- **Your instructions**
Please restate, exactly, only the lines from the beginning of the listing below through the line containing "参与人员:李春明 李旭东 高建信 唐杰", with the pictures left out.

==================================================

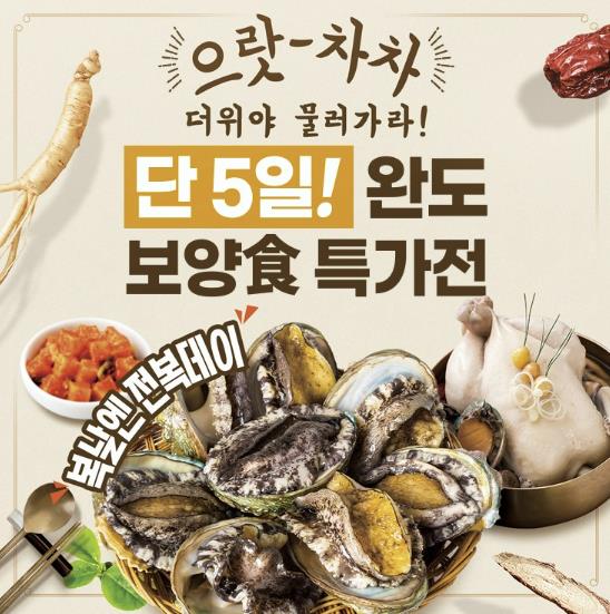 '복날엔 전복, 전복 데이 완도 보양식 특가전'은 7월 14일부터 18일까지 진행되며, 30% 할인 쿠폰을 제공한다.
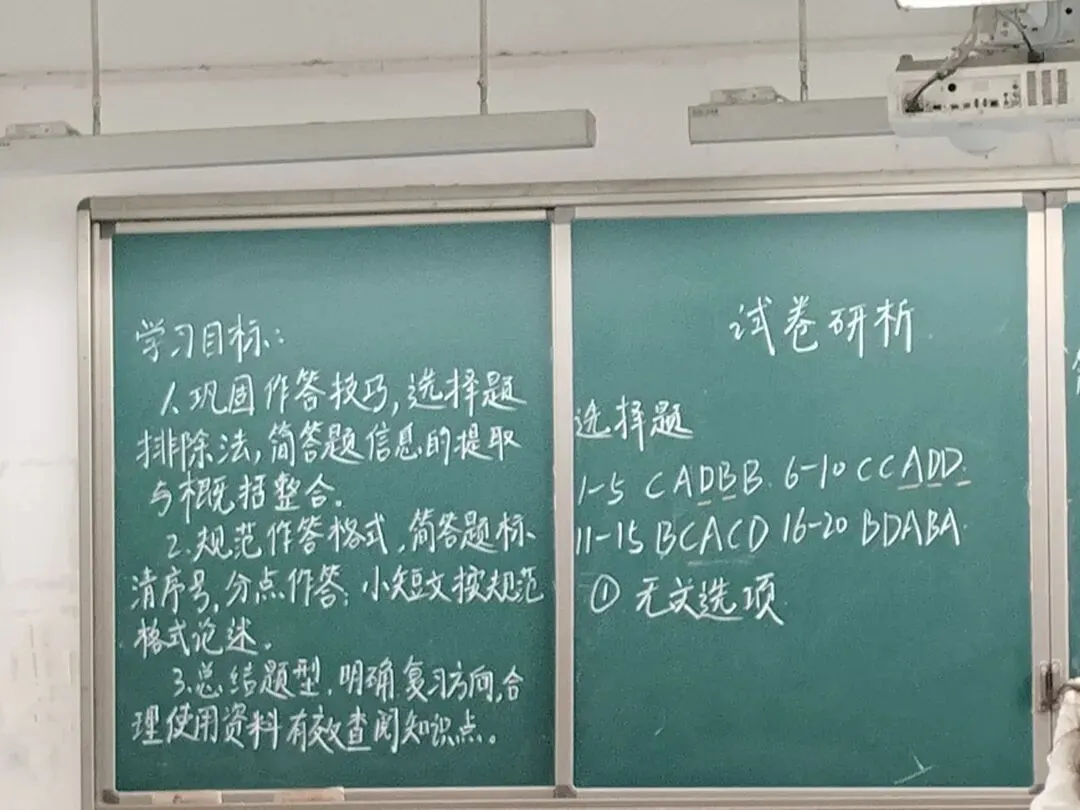 经过集体研讨,九年级历史教研组形成统一复习共识:一是以本次试卷研析为契机,全面梳理中考考点,细化复习计划,确保每节复习课目标明确、内容精准;二是持续强化答题技巧与规范训练,通过每周专项练习、模拟阅卷等方式,帮助学生巩固提升;三是建立学生错题档案,针对高频错题开展靶向辅导,做到“因材施教、精准提分”。全体教师将以此次听评课为抓手,凝心聚力、深耕细作,全力助力九年级学生冲刺中考,实现教学质量新突破。 参与人员:李春明 李旭东 高建信 唐杰
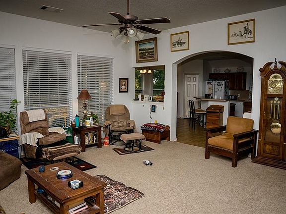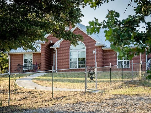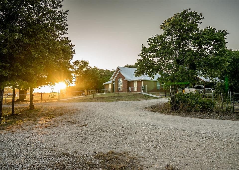 Located on 3 acres just outside of Rising Star, this beautiful home sits nestled amidst a large number of oak trees with great views. New sidewalks to the circle drive along with new gutters with leaf guards have recently been installed. A brand new 30x40 barn has just been constructed with 15 x40 sheds on either side complete with RV Hook ups and built in air compressor which conveys with the sell. The house has an open floor plan with high ceilings. There are 2 bedrooms but the large office could easily make a 3rd bedroom. The bedrooms and living room have new carpet. The Cross fenced pasture has another barn once used to stall horses. There are two more storage buildings on the property with electricity.
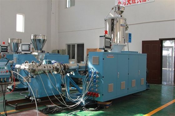 Het ruwe de kaliberbepaling van de schroef extruder→-Moulds→Vacuum van material+additive→Mixer→Auto Feeder→Hopper dryer→Single tank→Spray Koelen tank→Haul-van Unit→Cutting Unit→Stacker
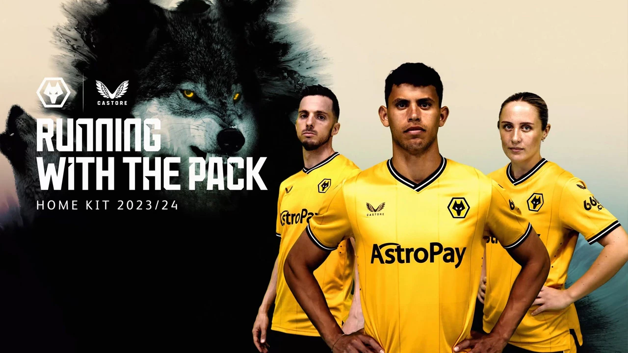 the historic days of the 1980s and iconic Wolves legends like Andy Gray, Mel Eves, and Kenny Hibbitt. Bespoke designed by Castore, the kit displays AstroPay on the front and 6686 Sports branding on the sleeve. The complete outfit includes black shorts...

==================================================

- **Task result**
 '복날엔 전복, 전복 데이 완도 보양식 특가전'은 7월 14일부터 18일까지 진행되며, 30% 할인 쿠폰을 제공한다.
 经过集体研讨,九年级历史教研组形成统一复习共识:一是以本次试卷研析为契机,全面梳理中考考点,细化复习计划,确保每节复习课目标明确、内容精准;二是持续强化答题技巧与规范训练,通过每周专项练习、模拟阅卷等方式,帮助学生巩固提升;三是建立学生错题档案,针对高频错题开展靶向辅导,做到“因材施教、精准提分”。全体教师将以此次听评课为抓手,凝心聚力、深耕细作,全力助力九年级学生冲刺中考,实现教学质量新突破。 参与人员:李春明 李旭东 高建信 唐杰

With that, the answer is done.